I've checked the code once more and cleaned it a little bit. There shouldn't be any major problems, but as I haven't yet been able to do extensive testing, I decided to publish yhe program as an alpha version and only on my own site. There may be obscure errors in the PEG so the output of this version shouldn't be taken as gospel. THIS ISN'T A CERTIFIED PARSER. Anyway, it handles most of "Alice".

I've appended the README file from the package.

Veijo

LLLP = Lua LPeg Lojban Parser

(Version = alpha)

Requirements:

lua5.1x (or luajit2) and the LPeg library (either built-in or external)

LuaJIT doesn't seem to offer any benefit for the PEG but makes a difference

in auxiliary operations. However, for reasonable sized texts the difference

is negligible.

lua : http://www.lua.org

luajit : http://luajit.org

LPeg : http://www.inf.puc-rio.br/~roberto/lpeg/lpeg.html

http://www.inf.puc-rio.br/~roberto/docs/peg.pdf (theoretical basis)

LLLP files:

lllp.lua the main program script

lllp_morphology.lua the Lojban morphology PEG

lllp_syntax_r.lua the Lojban syntax PEG, a reduced output version

lllp_syntax_f.lua the Lojban syntax PEG, a "full" output version

The reduced output version of the syntax PEG omits the numbered intermediate

rules (e.g. term-1) from the output because the depth of the "full" parse

tree can exceed the maximum number of syntax levels an unmodified lua/luajit

interpreter can handle (200 levels), and increasing the limit can be unsafe.

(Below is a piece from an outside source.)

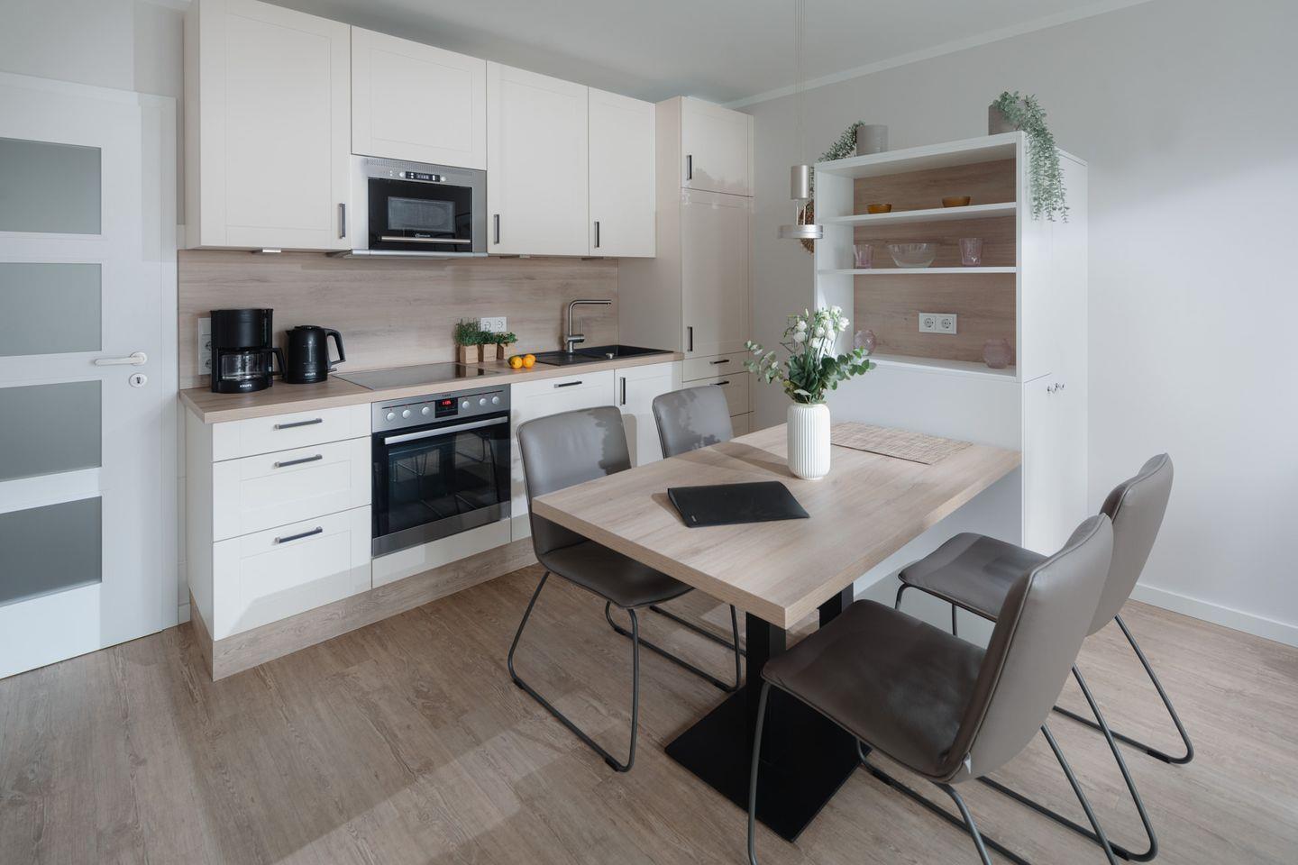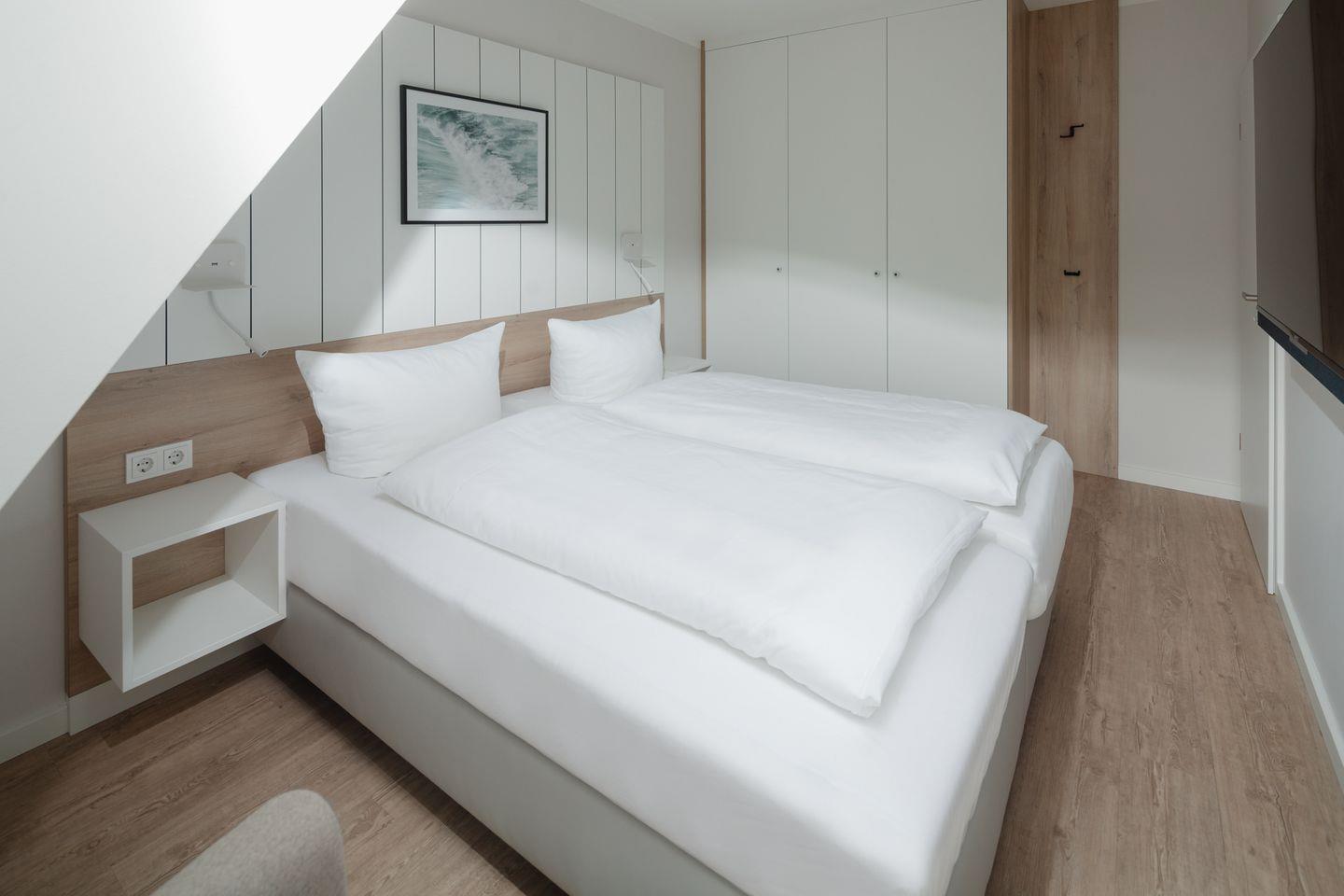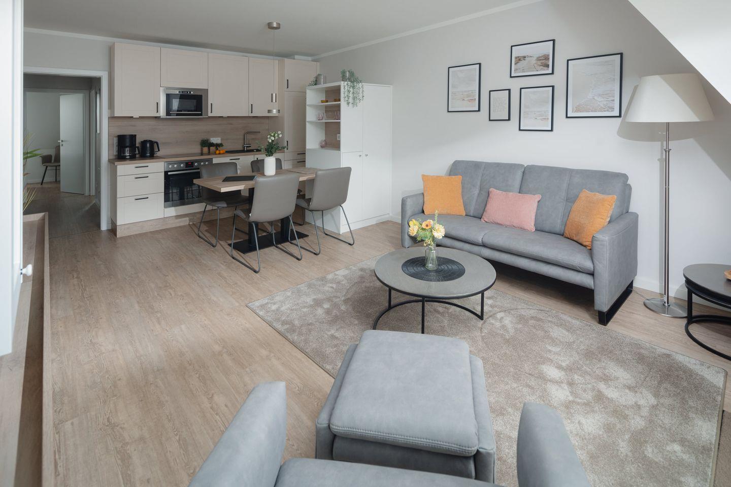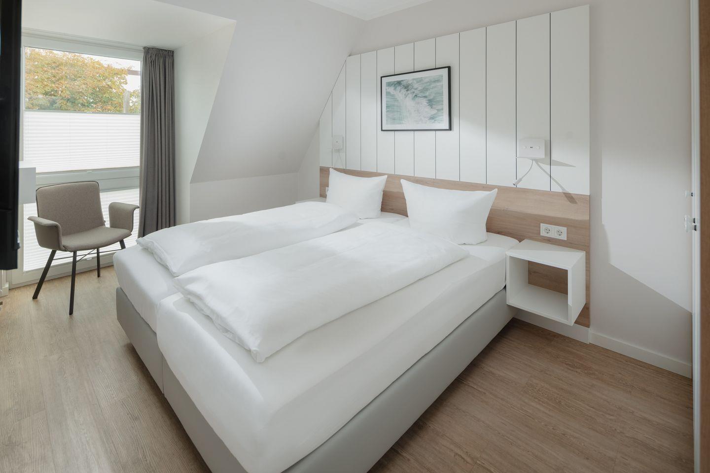 Das neu renovierte (2023) 3-Raum-Appartement im 2. Obergeschoss verfügt über zwei komfortable Schlafzimmer mit je einem Doppelbett, hellen Wohnbereich aus hochwertigen Möbeln (Smart-TV), Küchenzeile mit Essecke sowie Badezimmer mit Dusche/WC. Der Balkon lädt zum entspannen & sonnenbaden ein.

While parsing "Alice" using the "full" output version, the program hit the

limit at three points. I've set the program to use the reduced output version

as the full output isn't usually required. The version to use can be changed

by editing the main program script.

A luajit linux binary with built-in LPeg library is included in the package.

Running:

luajit lllp.lua lojban_file_name

NB. the output goes to STDOUT and can be re-directed as required

NB. the output parameters can only be set by editing lllp.lua

NB. input text is sliced at blank lines and handled block by block.

This means that terminated structures MUST NOT span blank lines!

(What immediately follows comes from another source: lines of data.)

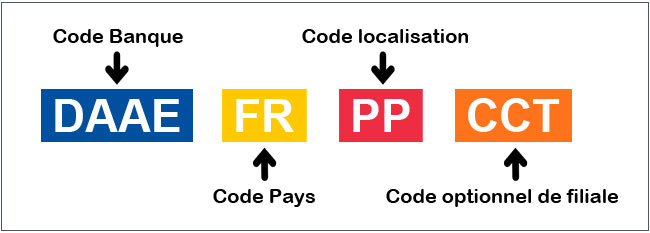 Quatre lettres identifient le code de la banque, les deux suivantes le code du pays. Les deux caractères suivants (lettre ou chiffres) indiquent la localisation. Il peut être complété par trois caractères correspondant à une agence.
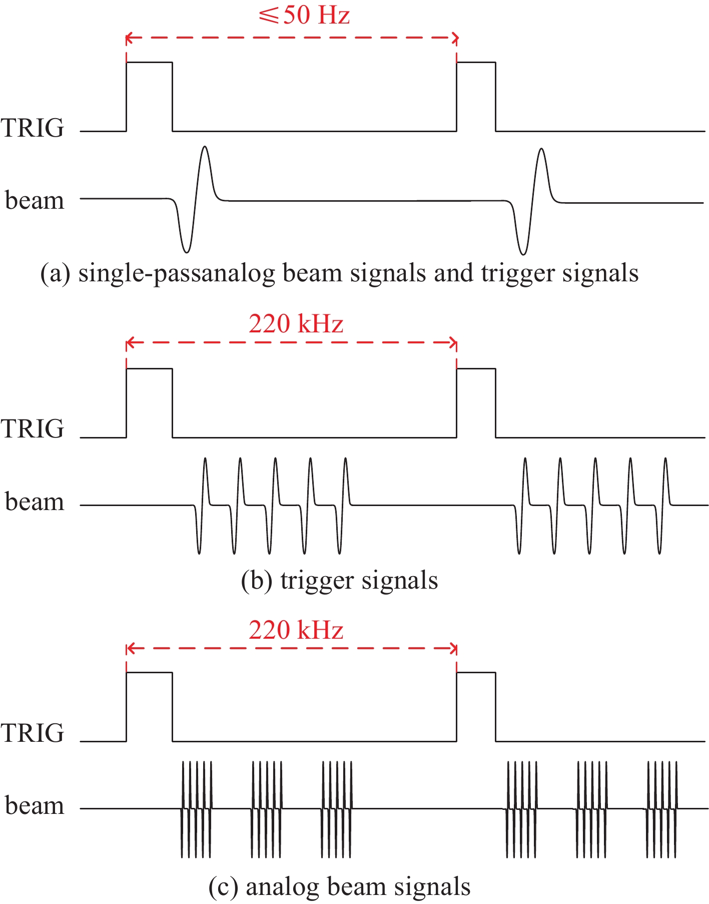 The core of the signal source is an FPGA board. Firstly, a 250 MHz clock signal with a 25% duty cycle was generated by the PLL and directly routed through the MRCC pin. After completing the impedance matching, the RF signal was processed via differential circuit to obtain the required simulated beam signals. Then, the required signals were amplified using the RF amplifier. After the 1∶4 power division, beam signals with four adjustable amplitudes output channels were finally acquired. The trigger signal was supplied directly from the FPGA I/O pins configured for LVCMOS33 operation at 3.3 V, to meet the required LVTTL of BPM electronics.
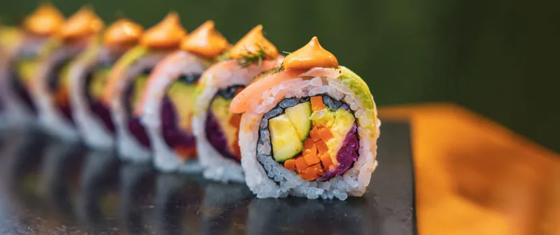 2 gohan l base arroz y sésamo, 5-ingredientes a elección, 1-rolls palta ebi o tempura ebi, 2-Bebidas express

NB. punctuation handling is still deficient (this is an alpha version)

Lua commenting conventions can be used within the Lojban files:

-- two or more adjacent dashes mark the rest of the line as comment

--[[ starts a multi-line comment ending at --]] or EOF

A space between -- and [[ can be used to de-activate the commenting

The output can be fine-tuned quite extensively by editing lllp.lua. It is

also possible to add processing stages at various points.

** The program gathers statistics about word usage.

There is no error handling. The processing of a block terminates when a

syntax error is found, and the program continues with the next block if any.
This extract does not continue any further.